OK, I consolidated my various logging and reporting scripts and packaged
them so they can be used on any Unix-based computer that is not running
a Web server (or any other process that listens on TCP port 80).  You
have to be root to run it, since 80 is a privileged port.

The script is here:

  ftp://kermit.columbia.edu/kermit/cu/port80log

To run it, you'll need C-Kermit 8.0 Beta.03:

  http://www.columbia.edu/kermit/ck80.html

You'll find prebuilt binaries at the end of the page for every conceivable
Unix platform (if you have a platform that's not covered, please let me
know).  Copy the appropriate binary to your computer as:

  /usr/local/bin/wermit

or whatever ("wermit" instead of "kermit" to indicate it's a test version).

The script takes in and logs port 80 accesses, starting over again every hour
with a new log.  Every hour or so (it blocks waiting for incoming connections
so the timing is not exact) it summarizes the log, mails the summary to the
desired address, uploads the log with FTP, and then starts a new log.

The tricky part is FTP, because of course this requires a destination host,
a directory, and a password.  You'll need to edit the script to specify
the FTP host, directory, and user (it prompts you for the password).  If you
say "no" it skips the FTP part.

By default, the summary report is mailed to security@columbia.edu.  You can
change that too if you want.  This stuff is all defined near the top,
marked with (*).

After making the needed edits, you can run the script by starting Kermit
(as root) and telling it to "take port80log".  Alternatively, you can edit
the script to have a shebang (kerbang) line specifying the location of the
Kermit executable, but since there is no standard location you'll have to
go with the conventions used on your platform.  In this case, you also have
to give the script execute permission.  (You still have to be root to run it.)

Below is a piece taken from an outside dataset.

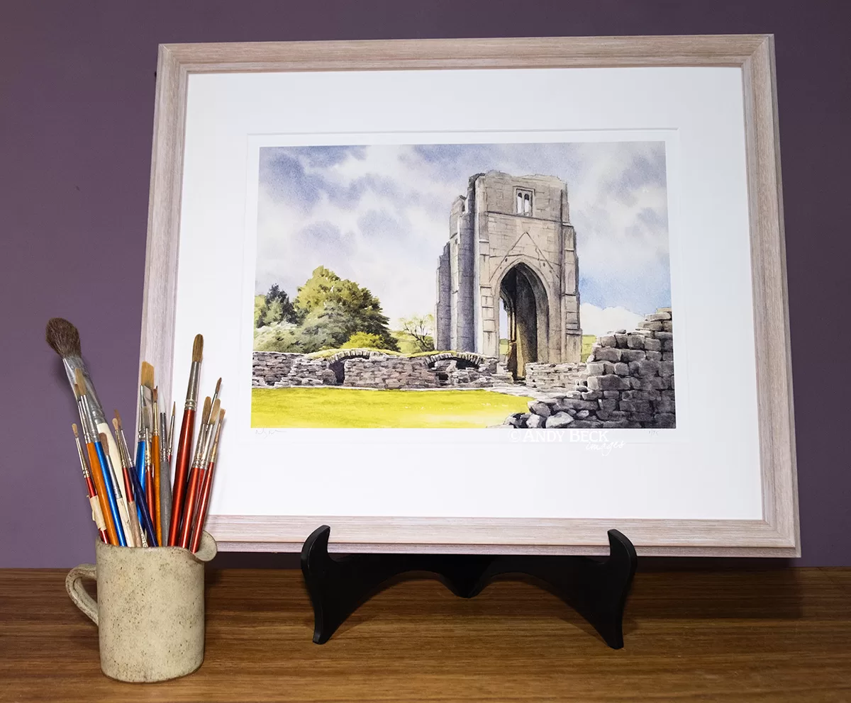 This is an Limited Edition Print, “Shap Abbey” reproduced from an original watercolour painting by Andy Beck. The print is the same dimensions as the original. Printed professionally using archival inks on 305gsm Pinnacle Fine Art paper which is 100% acid free. Each copy has been signed and numbered by the artist and is limited to just 75 copies.

The first cut of the script does not sort the emailed report in the requested
way, but that shouldn't be a big distraction since the report won't be very
long.  Instead, it's sorted in descending order hits per site.

The script can be run on as many computers as desired simultaneously, but only
one copy per computer.  Conceivably if you wanted to be sure never to miss any
requests, you could run it under inetd but I haven't tried that.  If you do,
be sure to redirect stdout and stderr to a file or /dev/null.

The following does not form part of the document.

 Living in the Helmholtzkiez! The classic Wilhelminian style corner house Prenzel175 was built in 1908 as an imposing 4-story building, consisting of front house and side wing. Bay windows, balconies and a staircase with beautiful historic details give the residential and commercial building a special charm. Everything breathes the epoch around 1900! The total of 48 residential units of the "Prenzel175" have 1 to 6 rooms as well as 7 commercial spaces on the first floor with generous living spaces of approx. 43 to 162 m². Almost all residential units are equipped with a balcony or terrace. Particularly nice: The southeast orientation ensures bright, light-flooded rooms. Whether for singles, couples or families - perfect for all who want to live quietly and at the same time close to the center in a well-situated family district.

Log files contain the raw data: timestamp, IP name (if known), IP address,
and (in doublequotes) the incoming request, which identifies the attack.
Logfile names are <host>_<date>_<time>.log, where <host> is the name of
computer that's running the script, <date> is numeric yyyymmdd, and <time>
is secs since midnite.  The report file is created locally before mailing;
it has the same name as the log, except .txt instead of .log.  New files
are created each hour.

When you first start running the script, it probably won't attract too many
hits.  But the word will spread quickly, and soon the hits will be pouring
in.